2.7.1 Tahap persiapan umpan Umpan terdiri dari RBDPS (Refined Bleached Deodorized Palm Stearin) dan NaOH. RBDPS di masukkan kedalam tangki yang dilengkapi dengan pemanas, dipanaskan terlebih dahulu menggunakan Steam sampai suhu 900C sebelum dipompa ke dalam reaktor. Sedangkan NaOH dilarutkan dalam air proses yang bersuhu 300 C sampai konsentrasi masing-masing 50% massa. RBDPS dan campuran larutan NaOH kemudian dipompakan ke dalam reaktor. 2.7.2 Tahap reaksi Saponifikasi Trigliserida RBDPS, dan campuran larutan NaOH dipompakan masuk kedalam reaktor (tangki pencampur) yang diberi jaket pemanas untuk di panaskan sampai suhu 900C untuk dihomogenkan dan sekaligus bereaksi membentuk sabun dan air.

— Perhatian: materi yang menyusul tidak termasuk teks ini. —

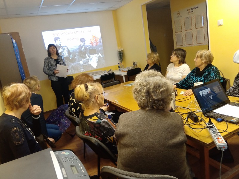 10 марта Совет общественного самоуправления ТОС «1 микрорайон» совместно с библиотекой имени Бориса Корнилова провели для жителей микрорайона литературно-музыкальный вечер «Эти песни спеты на войне», посвящённый песням военных лет. В трудные годы Великой Отечественной войны песни помогали народу выстоять и победить. Прошли годы, а песни военных лет звучат и сегодня, потрясая сердца. Сотрудники библиотеки Светлана Зимина и Инна Сёмушкина подготовили мультимедийную презентацию, в которой рассказали участникам вечера, когда и при каких обстоятельствах, появлялись песни. Жителям были предоставлены к прослушиванию песни: «Священная война», которая стала гимном ненависти и мести к фашистским захватчикам, «Моя Москва», первая лирическая песня «В землянке», «Прощай любимый город», «В лесу прифронтовом», фронтовая «Катюша», «Тёмная ночь», «Случайный вальс», «Огонёк», фронтовой вариант «Синего платочка» в исполнении Клавдии Шульженко и новый вариант песни «Моя любимая» в исполнении Людмилы Гурченко. Песни военных лет любят не только за простоту и душевность, мелодичность и красоту, главное их достоинство — стойкий оптимизм, неиссякаемая вера в добро, человеческие ценности, за которые люди шли на подвиг и смерть.
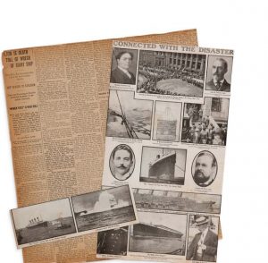 Réunion de coupures de journaux ou magazines anglais et américains de l’époque sur le naufrage du Titanic et les principaux protagonistes.
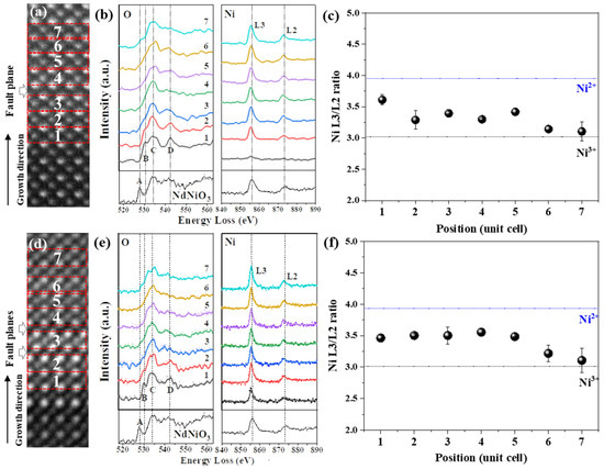 To investigate the effects of RP faults on the electronic character of the NNO film, we performed STEM-EELS measurements with atomic resolution. Figure 2a,d show the HAADF images of RP faults A and B, respectively. For the sake of improving the signal-to-noise ratio, the O-K and Ni-L2,3 edges were extracted from the red dashed boxes with a width of one unit cell shown in Figure 2b,e. From the NdNiO3 reference, we observe a strong pre-peak A at the O K edge, which is associated with the hybridization of O 2p and Ni 3d orbitals, reflecting the covalency of Ni–O bonding and the oxidation state of Ni [28,29]. The pre-peak of the O K edge is weak or even absent around the RP faults, which is related to the changes in the local Ni–O distances due to epitaxial strain and RP faults [28,30]. In addition, the strong Nd–O interaction in the rock-salt layer results in a distinct shoulder of peak C. Close to the STO–NNO interface, the intermixing of Ti into Ni causes the appearance of peak B that arises from the Ti 3d–O 2p hybridized states. Peak B almost disappears in cells 4–7. Peak C corresponds to the O 2p states hybridized with Sr 4d in STO or Nd 5d in NNO. Peak D is due to the O 2p states hybridized with Ni 4 sp and Nd 5p states [31]. The L3 and L2 peaks of Ni arise from excitation of electrons from the 2p3/2 and 2p1/2 core levels to the unoccupied 3d band, which is used to determine the valence state of the transition metal from the white-line ratio and chemical shift [28]. The slight variations in peak positions and crystal-field splitting observed in Figure 2b,e imply changes in the electronic structure of Ni for both types of RP faults. We quantified the white-line ratio, which is shown in Figure 2c,f. From the DigitalMicrograph database [32], we calculated the Ni3+ and Ni2+ references, which are expected to correspond to the fault-free NdNiO3 and NiO films. These are shown as black and blue dashed lines in Figure 2c,f, respectively. We observe that the L3/L2 ratio increases near RP-fault planes and in the fault-free NNO layers close to the STO substrate, suggesting a decreased valence of Ni. In the fault-free NNO layer (the seventh unit cell) far from the fault planes, the valence of Ni is close to 3+, as expected. The Ni L3/L2 intensity ratio in RP fault B is a little higher than that in RP fault A, indicating a lower valence of Ni around RP fault B.
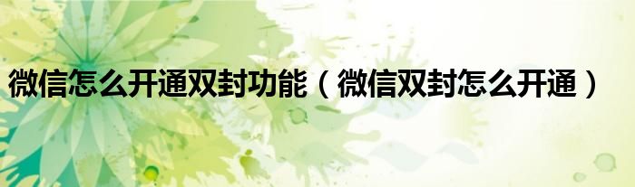 大家好,小晋来为大家解答以下问题,关于微信怎么开通双封功能,微信双封怎么开通很多人还不知道,今天让我们一起来看看吧!
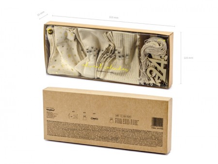 Calendrier de l'avent Sacs, l'ensemble comprend : 3 modèles de pochettes en coton (8 de chaque modèle, taille : environ 10 x 13 cm), 24 ficelles en coton (longueur : environ 30 cm) et 24 chiffres en bois. Produit à  assembler soi-même.

Lebih dari 99,5% lemak / minyak berhasil disaponifikasi pada proses ini dengan waktu tinggal 1,8 jam dan kondisi operasi 900C tekanan 1 atm (Spitz,1995). Hasil reaksi kemudian dipompakan ke unit pemisah separator yang bekerja dengan prinsip perbedaandensitas. Pada unit ini akan terbentuk dua lapisan, yaitu lapisan sabun pada bagian atas dan lapisan Impurities pada bagian bawah. Impurities terdiri dari gliserol, sisa alkali dan air yang secara keseluruhan membentuk lapisan yang lebih berat dari sabun sehingga berada pada lapisan bagian bawah di dalam pemisah statis. Proses selanjutnya adalah penambahan aditif dan pengeringan sabun dalam unit pengeringan (dryer). Zat aditif yang ditambahkan adalah gliserin, yang berfungsi sebagai pelembut dan pelembab pada kulit, EDTA yang berfungsi sebagai surfaktan pada sabun (pembersih dan pemutih) yang dapat mengangkat kotoran pada kulit. Dan Pewangi (Essential) yang berfungsi untuk memberikan kesegaran dan keharuman pada sabun. Zat tambahan ini dicampurkan dalam Tangki Pencampur yang dilengkapi oleh jaket pemanas untuk menjaga sabun tetap cair (suhu tetap) dan campuran homogen. Jumlah aditif yang ditambahkan sesuai dengan spesifikasi mutu yang diinginkan seperti pada table 2.2. Tahap berikutnya adalah proses pengeringan sabun. Kandungan air dalam sabun biasanya diturunkan dari 30 - 35% ke 8 - 18% (Riegel, 1985). Unit pengeringan sabun ini biasanya berupa unit vakum spray chamber. 2.7.3 Tahap Pengeringan dan Finishing Sabun Pengeringan sabun dilakukan dalam unit vakum Spray Chamber. Campuran sabun cair dari Tangki Pencampur dipompa ke unit Flash Drum, dimana sabun mengalami proses Flash pada 1 atm sehingga dihasilkan uap air jenuh bersuhu 100OC yang terpisah dari sabun dan keluar melalui bagian atas Flash Drum. Kandungan air dalam sabun yang keluar dari bagian bawah Flash Drum direncanakan tinggal 18% sebelum dikeringkan lebih lanjut dalam vakum dryer. Sabun kemudian ditransfer keunit vakum Spray Chamber. Kondisi vakum dihasilkan dengan menggunakan pompa vakum. Dari unit pengeringan ini sabun yang dihasilkan berupa serpihan (flake) dan dengan bantuan Conveyor dikirim ke

unit Finishing yang terdiri dari satuan mesin pembentukan sabun batang dan disebut Bar Soap Finishing Machine (BSFM). Dari unit ini sabun ditransfer ke unit penyimpanan dengan bantuan Conveyor untuk penimbunan sementara sebelum dijual.